И застит хмель Бабуру глаза. Веселье передается и ему, играет в крови, круто и навсегда меняется его жизнь.

— А знаешь, что про нас, горцев, говорят? Что мы родину слабо любим, хотя до любви ох как падки. И это верно. А хочешь знать почему?

— Хочу.

— Ну, так вот. Сначала с родиной разберемся. Во-первых, правительство у нас рис отбирает, чтоб армию кормить. И нам же еще велят этим гордиться. А мы знай ропщем: самим жрать охота. Во-вторых, правительство, у нас все полезные ископаемые забирает, экономику развивает, а мы опять недовольны — нам-то прибыли никакой. В третьих, газ, что в Игольной добывают чуть ли не всей стране служит, а мы снова ворчим — нам-то этого газа и не достается. Согласись, не за что нам родину-то любить. Это правительство нас без памяти любит. А мы знай подставляемся. Оттого и считается, что наш народ до любви падок.

— Это как понять?

— А так: нас правительство дрючит и будет дрючить до скончания веков.

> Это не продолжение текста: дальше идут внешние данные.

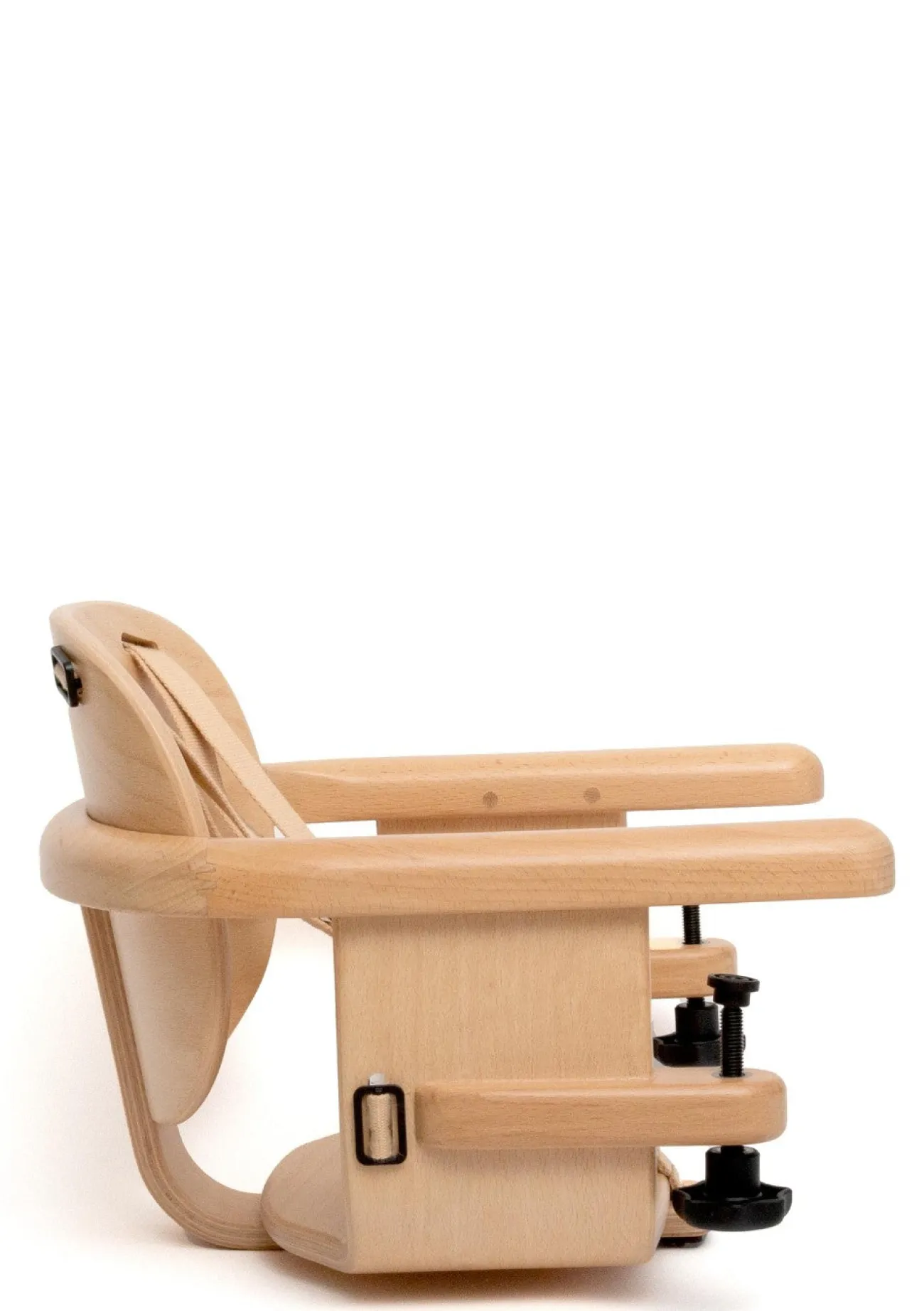 In diesem clever designten Sitz nimmt dein Liebling am Familientisch Platz. Das raffinierte Möbelstück ist die ideale Lösung für Familien, die stilvolles Design und funktionale Flexibilität vereinen möchten. Mit seinem klaren, modernen Look aus Buchenholz passt er sich harmonisch an jedes Wohnambiente an – ob in der Küche, im Esszimmer oder auf Reisen. Der platzsparende Tischsitz lässt sich in Sekundenschnelle am Esstisch befestigen und ist für Kinder ab etwa 6 Monaten bis zu einem Gewicht von maximal 15 kg geeignet. Er bietet deinem Spross einen sicheren und bequemen Platz direkt auf Augenhöhe mit der Familie – für gemeinsame Mahlzeiten ganz nah am Geschehen. Das durchdachte Befestigungssystem sorgt für einen festen Halt an den meisten Tischplatten (2-5,2 cm dick). Und weil Design und Alltag bei Charlie Crane Hand in Hand gehen, überzeugt der Tischsitz nicht nur optisch: Er ist schnell montiert, lässt sich einfach wieder abnehmen und macht so auch spontane Familienessen bei Freunden oder Großeltern ganz unkompliziert möglich.

— Складно говоришь, ох складно…

А назавтра, поднявшись до зари, Бабур покинул дом и ушел к повстанцам — матушки больше не видели его живым. В бездонных комодах Нишапура он откопал старинное ружье и несколько обойм к нему, захватил с собой и несколько книг да одну из школьных медалей Омар-Хайама, которую огонь обратил в презреннейший из металлов. Все для того чтобы не забыть причин, подвигнувших его на такой «сепаратизм», и истоков ненависти, столь сильной, что содрогнулась земля… Укрывшись в Немыслимых горах, Бабур начал отращивать бороду, изучал хитроумную структуру горных общин-кланов, писал стихи, отдыхал между набегами — то на военные посты, то на железную дорогу, то на водохранилища — и, так как обособленная жизнь диктовала свои условия, мог рассуждать в своем дневнике о достоинствах совокупления с овцами и козами. Некоторые повстанцы предпочитали тихонь-овец, другие же были не в силах устоять перед резвушками-козами. Более того, многие из бабуровых однополчан души не чаяли в своих четвероногих возлюбленных, и хотя за голову каждого сулилось вознаграждение, они с риском для жизни появлялись на базарах в К. и покупали подарки своим избранницам: гребни, чтобы расчесывать своих тонкорунных зазноб, или ленты с колокольчиками, чтобы украшать длинные шеи проказниц. Увы, гордячки не снисходили до благодарности. Если не телом, так уж душой Бабур воспарил много выше подобных страстей. И всю нерастраченную любовь он излил на образ популярной певички, ни разу так и не виденной им — он лишь слышал ее пение из дребезжащего транзисторного приемника.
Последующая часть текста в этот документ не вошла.